■ To do ■
What should be copied is the stretch of entries below from the line with "Đổi vị với Nui" up to and including the line with "코리아타임뉴스 전북취재본부 |", exactly and without images.

■ Data under study ■
+--

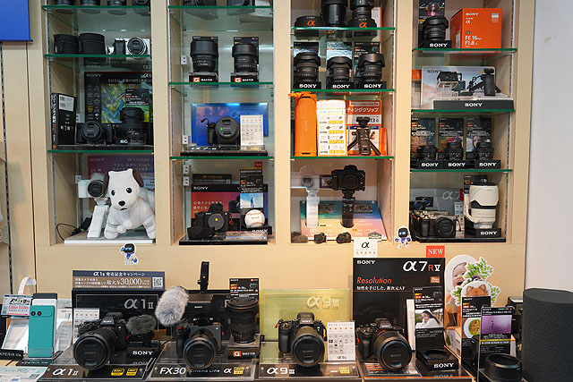 こちらは当店の”α”ボディ&”α”レンズ展示コーナーです。ここもスポットライトと蛍光灯の複合光源なのですが、 「α7 V」のオートホワイトバランスのおかげで見た目通りの色で撮れています。
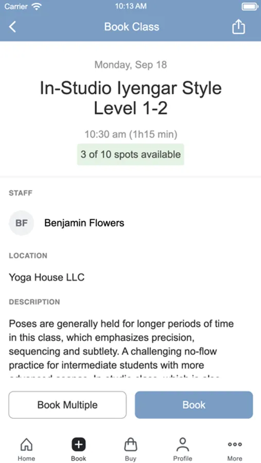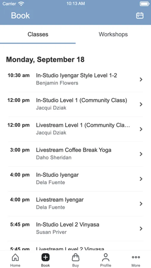 Now you can check out our latest schedule in real time and sign up for classes too. Clicking on a class will show more detail about the class including a description and a picture of a teacher. When logged in via the app, you can view your membership information, visit history, payment history, and the list of classes your are registered for, and even cancel a sign-up. You can learn more about our studio, send us an email, visit our website, or call us directly from the app. See you in class, Namaste.
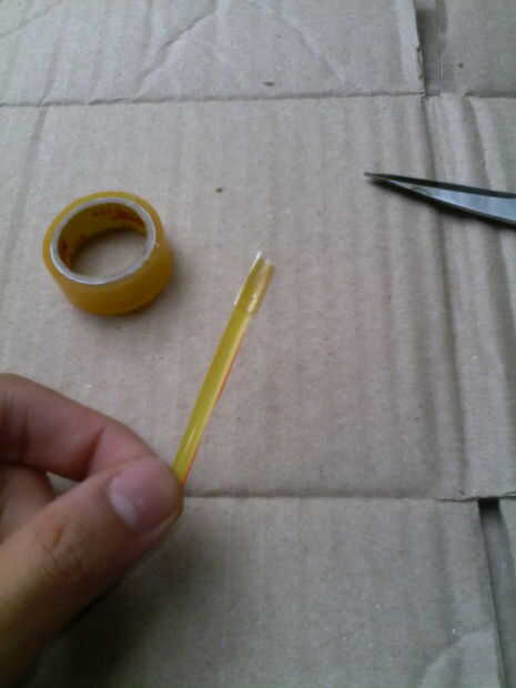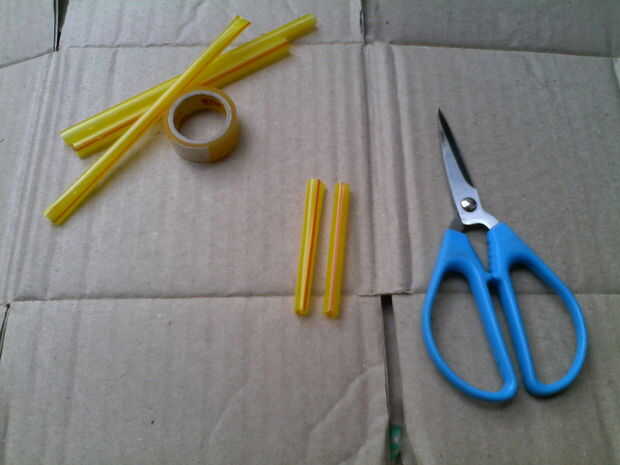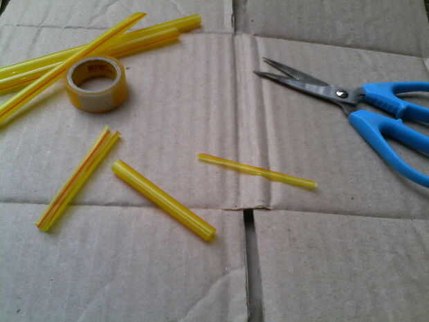 Corte las pajillas en unos 2-3 pulgadas, luego con la cinta, sobre 20 veces, depende de cómo piense cinta es. Más tarde puede Agregar o quitar abrigos para equilibrar el plano hacia fuera.
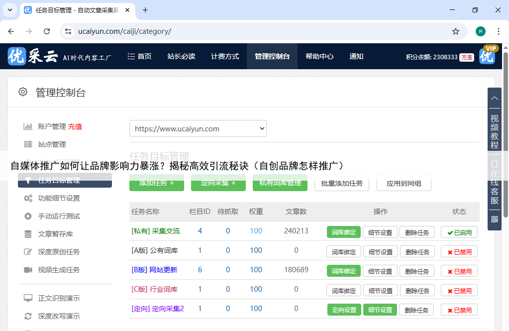 用户首先添加目标站点或自媒体账号,配置发布接口以实现自动发布,或选择本地下载任务目标可通过关键词或指定网址设置,系统据此采集或生成相关内容功能细节设置包括云端运行时间、文章需求量和原创算法,用户可自定义运行时段(如24小时运行或指定时间段),并启用防重复机制(如网址和内容指纹过滤),避免内容重复。
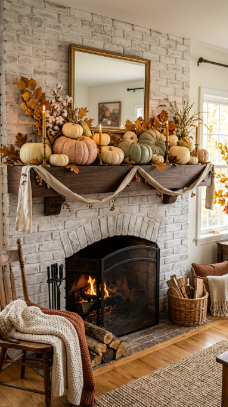 A charming autumn mantle with heirloom pumpkins, gourds, and dried leaves is cozy farmhouse fall perfection.
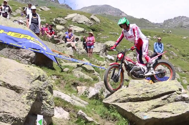 On retrouve le pilote Adam Raga dans 4 passages de zones lors du trial de Baiona comptant pour le Championnat...
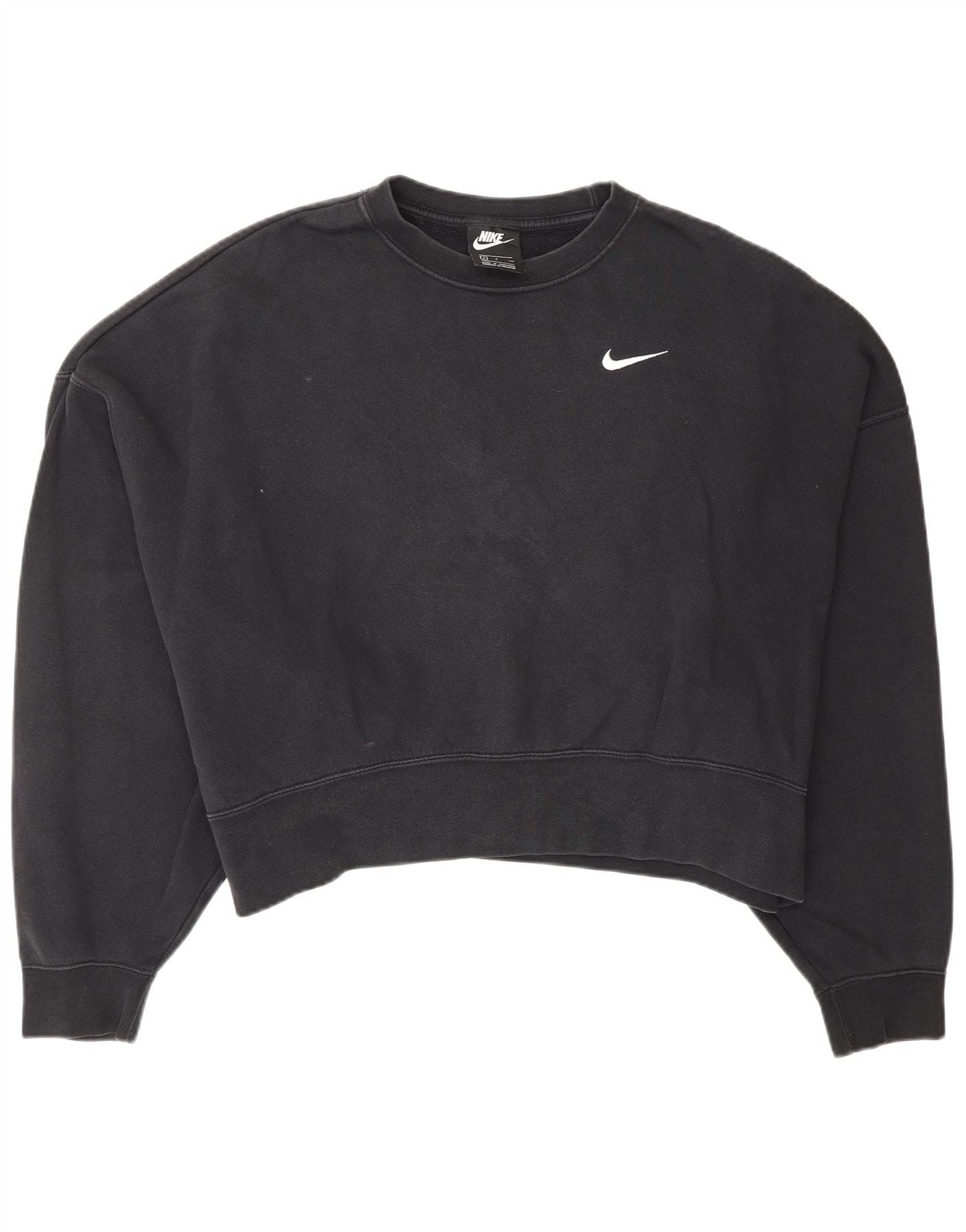NIKE Womens Crop Oversized Sweatshirt Jumper UK 10 Small Black Cotton
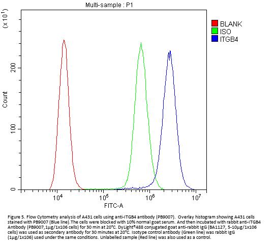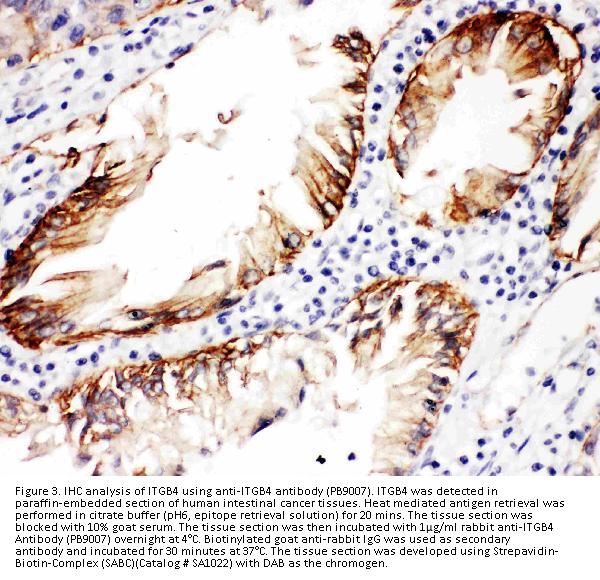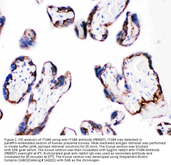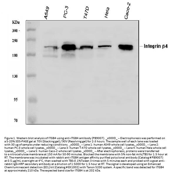 Boster Bio Anti-Integrin beta 4/ITGB4 Antibody Picoband® catalog # PB9007. Tested in Flow Cytometry, IF, IHC, IHC-F, ICC, WB applications. This antibody reacts with Human. The brand Picoband indicates this is a premium antibody that guarantees superior quality, high affinity, and strong signals with minimal background in Western blot applications. Only our best-performing antibodies are designated as Picoband, ensuring unmatched performance.
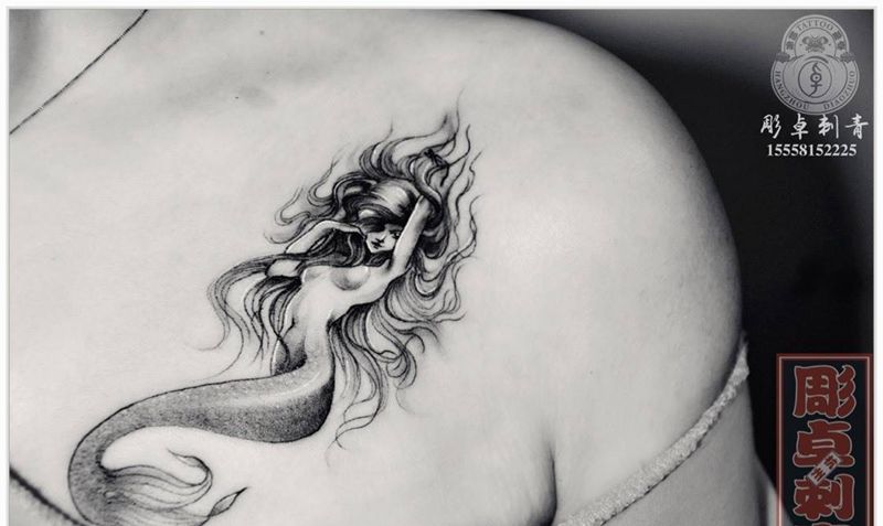 当前位置: 首页 >浙江省杭州市纹身店-雕卓刺青纹身图案>锁骨美人鱼纹身图片_成品肩部胸部清新锁骨杭州美人鱼人物欧美纹身图案
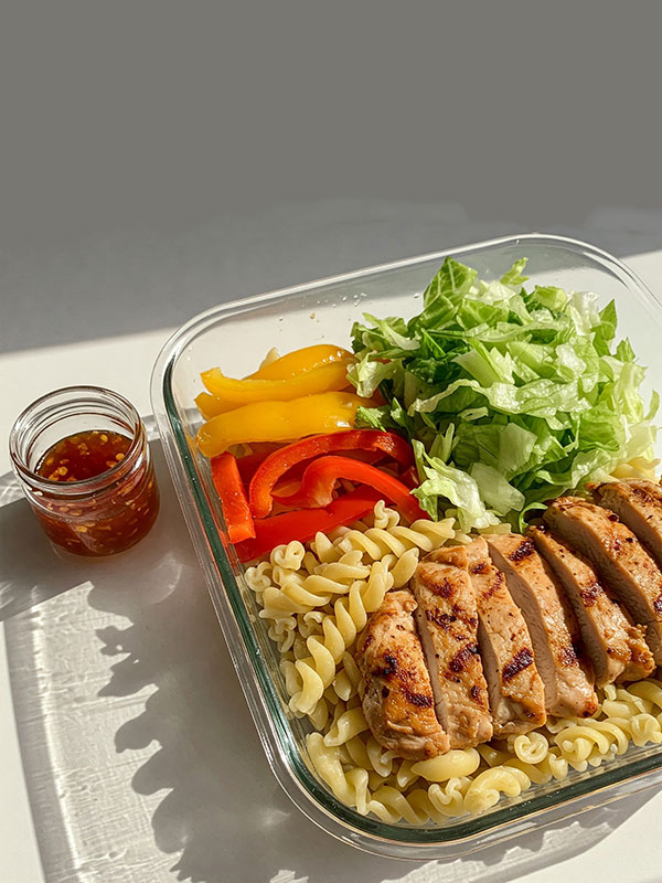 Đổi vị với Nui gạo lứt ức gà sốt Thái cay nhẹ, chua ngọt, kết hợp rau củ giòn tươi. Món ăn eat clean ngon miệng, giàu dinh dưỡng, không lo ngán!
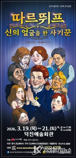 코리아타임뉴스 전북취재본부 | 전주시립극단(예술감독 겸 연출 이수인)은 오는 19일부터 21일까지 덕진예술회관에서 제134회 정기공연인 ‘따르뛰프’를 선보인다.
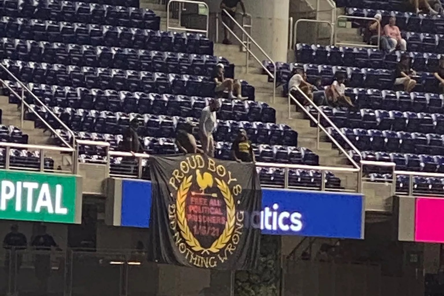 Last night, a handful of attendees at the Miami Marlins game were that guy. While the rest of the fans presumably just showed up to enjoy a nice summer-evening game against the Colorado Rockies, five jackwads at LoanDepot Park decided it would be fun and interesting to unfurl two right-wing posters: one declaring “PROUD BOYS DID NOTHING WRONG, FREE ALL POLITICAL PRISONERS 1/6/21” and the other insisting “TRUMP WON, TAKE BACK AMERICA.”
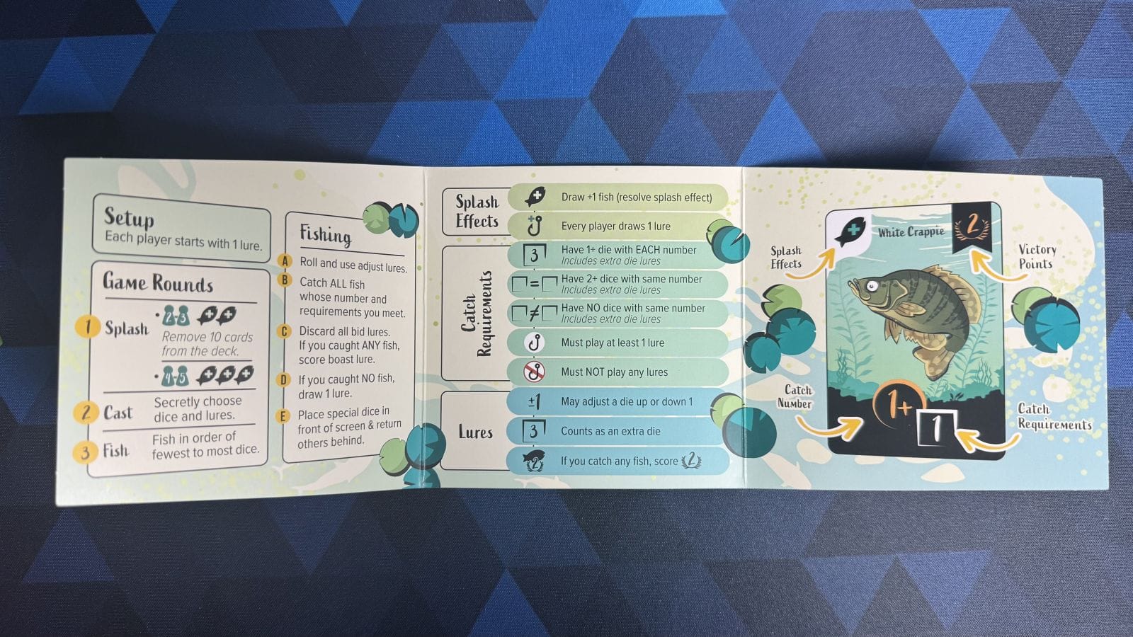 The production quality of this tiny game is fantastic. The artwork is lovely, and I have to tip my hat to Allplay for investing in unique artwork for all of the fish. The player screens have a great reference printed on the inside with absolutely everything you need to know to play the game. The dice have great color choices that are easy to read across the table, and the font is even reminiscent of fish hooks. Despite being a small filler game, Allplay did not cut any corners.
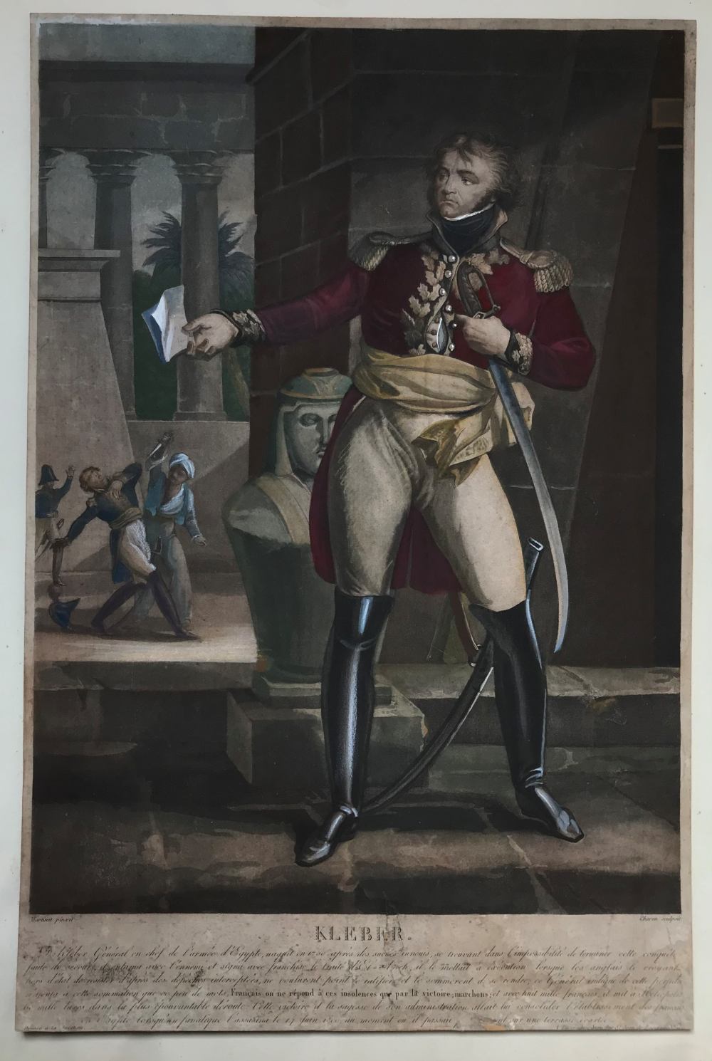- Eccellente e rarissima incisione all'acquatinta colorata a mano dal ritratto originale del generale Kleber di Pierre Martinet inciso da Louis-François Charon. Si tratta di una delle loro numerose collaborazioni per immagini militari. Kleber rimane un eroe nazionale celebrato con ritratti e statue in tutta la Francia. Questa immagine lo ritrae eroicamente in piedi con i suoi abiti militari in un palazzo egiziano, mentre il suo assassinio nell'anno 1800 è raffigurato sulla sinistra. Questo foglio è inedito sul mercato, la colorazione a mano è dell'epoca e della migliore qualità artistica e tecnica. La stampa proviene da un'antica famiglia romana legata al regno di Napoleone.
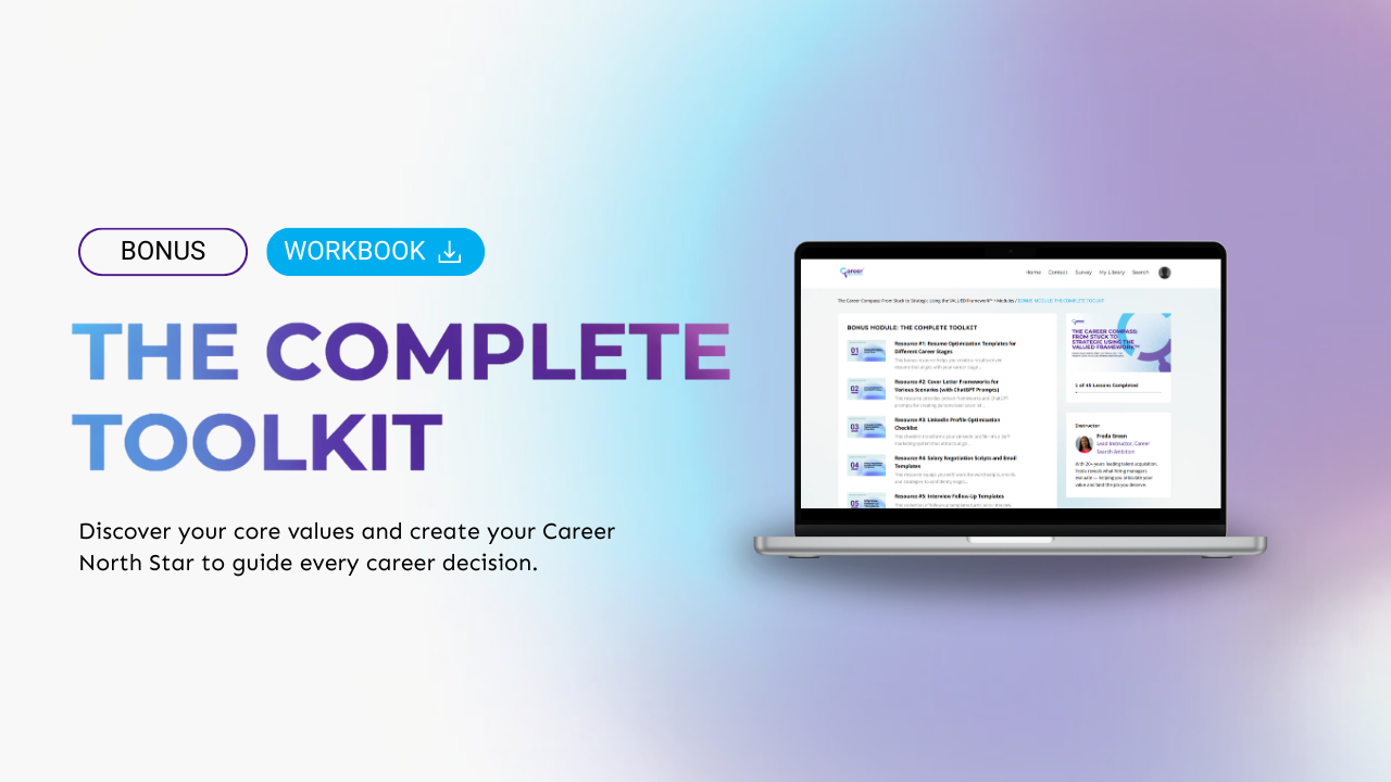 - Career Decision Matrix™ to evaluate offers beyond just salary

+--

■ Solution below ■
 Đổi vị với Nui gạo lứt ức gà sốt Thái cay nhẹ, chua ngọt, kết hợp rau củ giòn tươi. Món ăn eat clean ngon miệng, giàu dinh dưỡng, không lo ngán!
 코리아타임뉴스 전북취재본부 | 전주시립극단(예술감독 겸 연출 이수인)은 오는 19일부터 21일까지 덕진예술회관에서 제134회 정기공연인 ‘따르뛰프’를 선보인다.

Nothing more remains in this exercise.